- **Directions**
The response must be the exact lines from the line holding "抖音视频播放有四种倍速选择,要设置0.5" through the end of the entries, with no pictures and nothing else.

· · · · ·

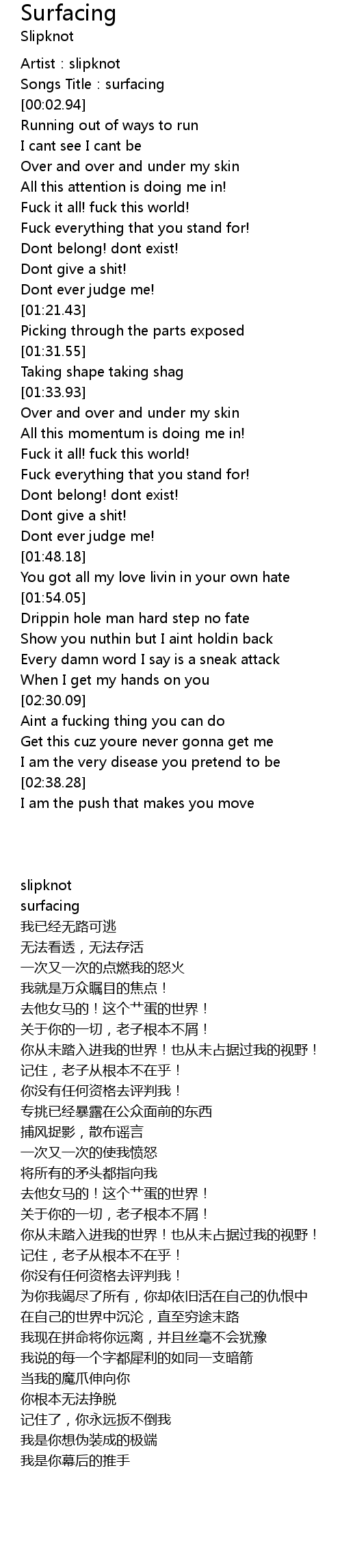 | [00:01.94] | Songs Title: surfacing |
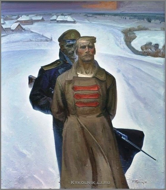 Картина называется "Братья". Брат ведёт расстреливать брата. Один белый, другой красный. Политика доводит людей до безумия, не то что дружба похеряна, а брат брата решает убить. Мозги кипят у людей. Потому что у каждого дома кипятильник - голубой, мать его, экран. Кипит и пенится в башке у многих. Так что в военное время разговор строится плохо. Вот закончится война, тогда и наговоримся. Как апостол Павел пишет:
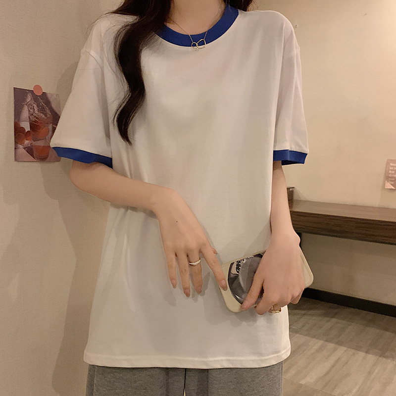 200克纯棉光板宽松拼色上衣夏季新款小众设计感拼接撞色短袖T恤潮
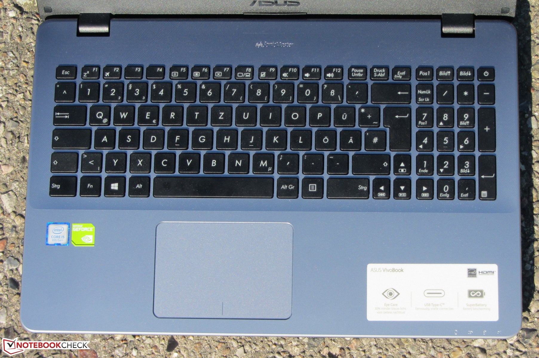 Asus stattet das Vivobook mit einer unbeleuchteten Chiclet-Tastatur aus, die einen Nummernblock mitbringt. Die flachen, leicht angerauten Tasten verfügen über einen mittleren Hub und einen klaren Druckpunkt. Der Tastenwiderstand geht in Ordnung, dürfte für unseren Geschmack aber noch etwas knackiger ausfallen. Während des Tippens gibt die Tastatur etwas nach. Als übermäßig störend hat sich das nicht erwiesen. Alles in allem liefert Asus hier eine ordentliche Tastatur, die die Anforderungen an den Hausgebrauch erfüllt.
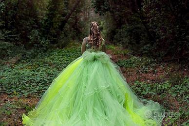 Vendo abito ampio enorme lungo pieno di tulle verde meraviglioso
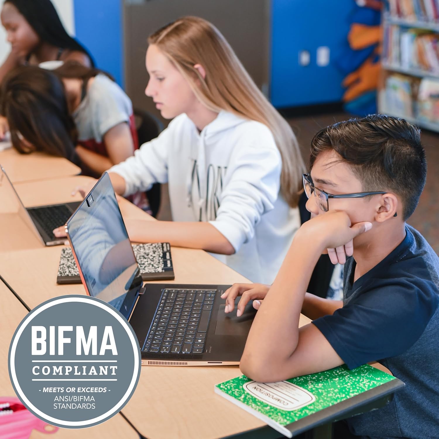 FDP Rectangle (30 x 72 inch) Classroom Table with Adjustable Chunky Toddler Legs (15-24 in); Preschool, Kinder and Daycare Furniture - Pasadena Oak Top/Navy Edge and Legs
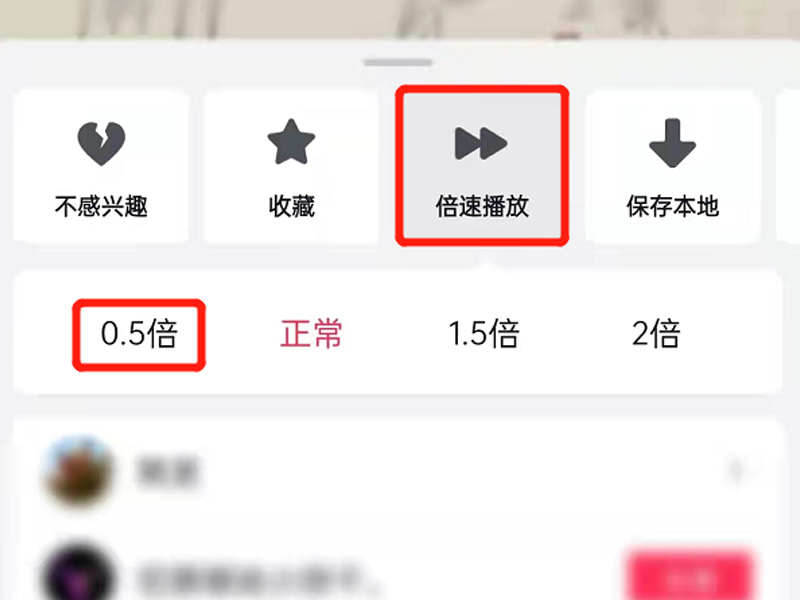 抖音视频播放有四种倍速选择,要设置0.5倍播放,在视频播放中即可直接设置。具体操作方法如下:
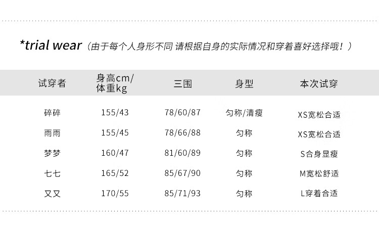 China (cm) 160-165/84-86 165-170 / 88-90 167-172 / 92-96 168-173 / 98-102 170-176 / 106-110

· · · · ·

- **Response to the task**
 抖音视频播放有四种倍速选择,要设置0.5倍播放,在视频播放中即可直接设置。具体操作方法如下:
 China (cm) 160-165/84-86 165-170 / 88-90 167-172 / 92-96 168-173 / 98-102 170-176 / 106-110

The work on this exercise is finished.